◆ **Record extracts**:
────────

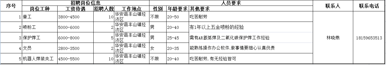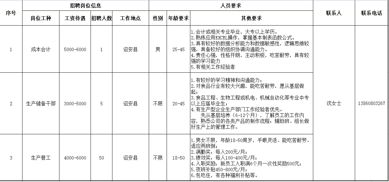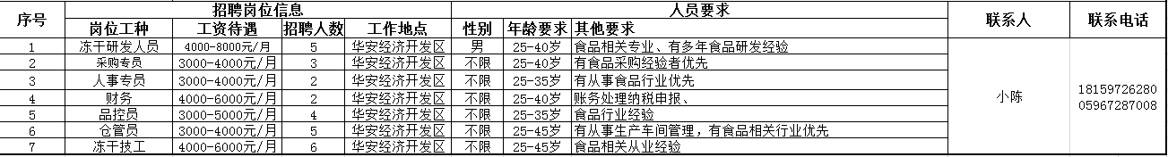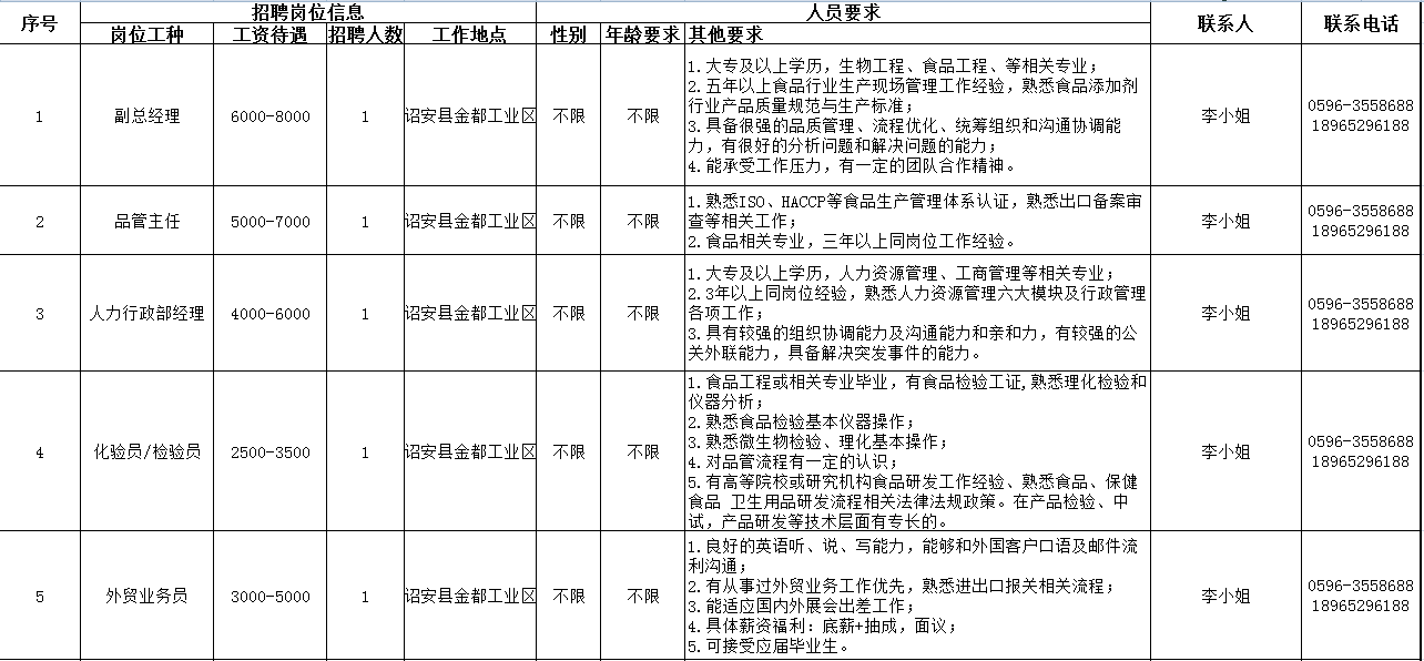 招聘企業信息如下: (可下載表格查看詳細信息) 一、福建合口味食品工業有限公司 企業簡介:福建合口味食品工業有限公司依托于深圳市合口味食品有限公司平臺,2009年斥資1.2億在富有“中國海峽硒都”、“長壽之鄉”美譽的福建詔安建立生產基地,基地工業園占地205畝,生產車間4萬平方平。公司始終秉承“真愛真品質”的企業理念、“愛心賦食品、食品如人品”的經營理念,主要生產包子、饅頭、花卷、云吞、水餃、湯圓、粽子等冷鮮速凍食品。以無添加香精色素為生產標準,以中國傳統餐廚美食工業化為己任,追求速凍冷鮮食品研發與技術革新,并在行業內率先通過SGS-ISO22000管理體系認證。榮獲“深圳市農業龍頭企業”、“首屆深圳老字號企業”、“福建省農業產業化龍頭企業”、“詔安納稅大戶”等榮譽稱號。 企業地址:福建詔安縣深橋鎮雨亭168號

────────

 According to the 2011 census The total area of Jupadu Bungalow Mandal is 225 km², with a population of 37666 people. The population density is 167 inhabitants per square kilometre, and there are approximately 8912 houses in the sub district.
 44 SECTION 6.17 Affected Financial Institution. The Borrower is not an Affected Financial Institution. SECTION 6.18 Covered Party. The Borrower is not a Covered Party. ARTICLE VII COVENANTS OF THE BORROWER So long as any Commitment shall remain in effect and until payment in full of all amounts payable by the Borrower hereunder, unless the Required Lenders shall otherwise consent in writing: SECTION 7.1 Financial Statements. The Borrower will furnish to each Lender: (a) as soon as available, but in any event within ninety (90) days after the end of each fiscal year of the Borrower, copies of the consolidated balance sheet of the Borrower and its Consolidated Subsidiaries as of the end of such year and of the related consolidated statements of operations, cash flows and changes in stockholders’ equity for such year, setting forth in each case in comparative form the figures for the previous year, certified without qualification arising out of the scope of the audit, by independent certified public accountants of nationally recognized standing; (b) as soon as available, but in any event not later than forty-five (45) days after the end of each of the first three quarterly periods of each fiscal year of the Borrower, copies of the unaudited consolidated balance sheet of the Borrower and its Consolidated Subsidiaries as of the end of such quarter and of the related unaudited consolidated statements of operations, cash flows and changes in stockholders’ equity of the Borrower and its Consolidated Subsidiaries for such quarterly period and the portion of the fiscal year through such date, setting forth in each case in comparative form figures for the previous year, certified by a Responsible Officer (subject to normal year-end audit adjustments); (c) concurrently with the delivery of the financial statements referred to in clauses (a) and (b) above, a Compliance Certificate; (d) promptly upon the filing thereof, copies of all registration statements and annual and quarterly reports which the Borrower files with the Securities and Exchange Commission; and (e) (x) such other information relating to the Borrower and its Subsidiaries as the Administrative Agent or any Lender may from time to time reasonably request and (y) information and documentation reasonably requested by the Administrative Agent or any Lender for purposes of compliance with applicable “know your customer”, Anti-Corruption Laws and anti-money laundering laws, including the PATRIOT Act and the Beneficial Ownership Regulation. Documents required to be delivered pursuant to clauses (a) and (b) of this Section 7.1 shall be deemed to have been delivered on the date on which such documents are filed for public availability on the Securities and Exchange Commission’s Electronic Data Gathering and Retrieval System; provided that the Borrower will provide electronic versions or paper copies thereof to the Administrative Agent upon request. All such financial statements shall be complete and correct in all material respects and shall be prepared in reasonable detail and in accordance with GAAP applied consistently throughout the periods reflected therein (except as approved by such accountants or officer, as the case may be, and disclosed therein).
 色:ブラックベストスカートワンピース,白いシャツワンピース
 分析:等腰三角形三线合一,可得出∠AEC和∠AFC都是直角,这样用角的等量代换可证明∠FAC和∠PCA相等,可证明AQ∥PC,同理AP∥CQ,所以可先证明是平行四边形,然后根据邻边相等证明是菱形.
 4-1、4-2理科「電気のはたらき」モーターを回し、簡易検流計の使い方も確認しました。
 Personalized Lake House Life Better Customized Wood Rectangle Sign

────────

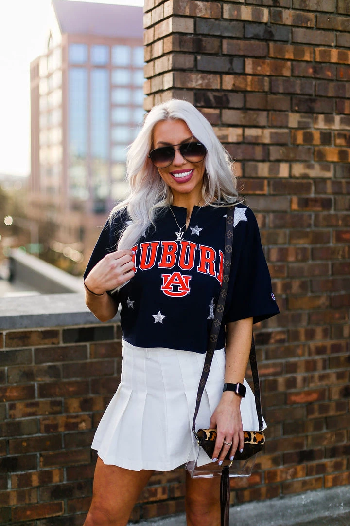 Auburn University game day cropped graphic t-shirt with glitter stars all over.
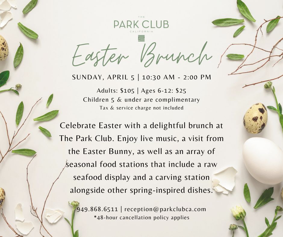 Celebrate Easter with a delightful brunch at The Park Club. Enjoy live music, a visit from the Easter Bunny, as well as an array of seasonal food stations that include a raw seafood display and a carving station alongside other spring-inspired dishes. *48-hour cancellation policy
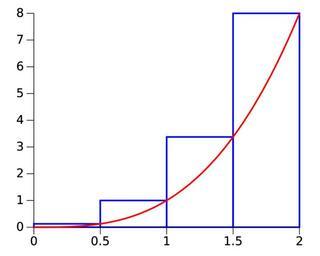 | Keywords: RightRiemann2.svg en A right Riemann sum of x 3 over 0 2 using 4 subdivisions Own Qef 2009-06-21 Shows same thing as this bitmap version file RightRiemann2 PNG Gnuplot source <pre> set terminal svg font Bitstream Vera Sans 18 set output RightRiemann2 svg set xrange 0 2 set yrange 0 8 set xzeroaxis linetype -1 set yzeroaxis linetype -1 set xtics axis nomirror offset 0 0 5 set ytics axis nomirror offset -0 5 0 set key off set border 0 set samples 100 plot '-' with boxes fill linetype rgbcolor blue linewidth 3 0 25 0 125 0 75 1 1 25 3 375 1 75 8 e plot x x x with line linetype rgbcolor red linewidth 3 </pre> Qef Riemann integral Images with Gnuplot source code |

────────

As the answer, set down only the lines from the data above between the one holding "4-1、4-2理科「電気のは" and the one holding "Personalized Lake House", inclusive, exactly as they read.

◆ **Your response**:
 4-1、4-2理科「電気のはたらき」モーターを回し、簡易検流計の使い方も確認しました。
 Personalized Lake House Life Better Customized Wood Rectangle Sign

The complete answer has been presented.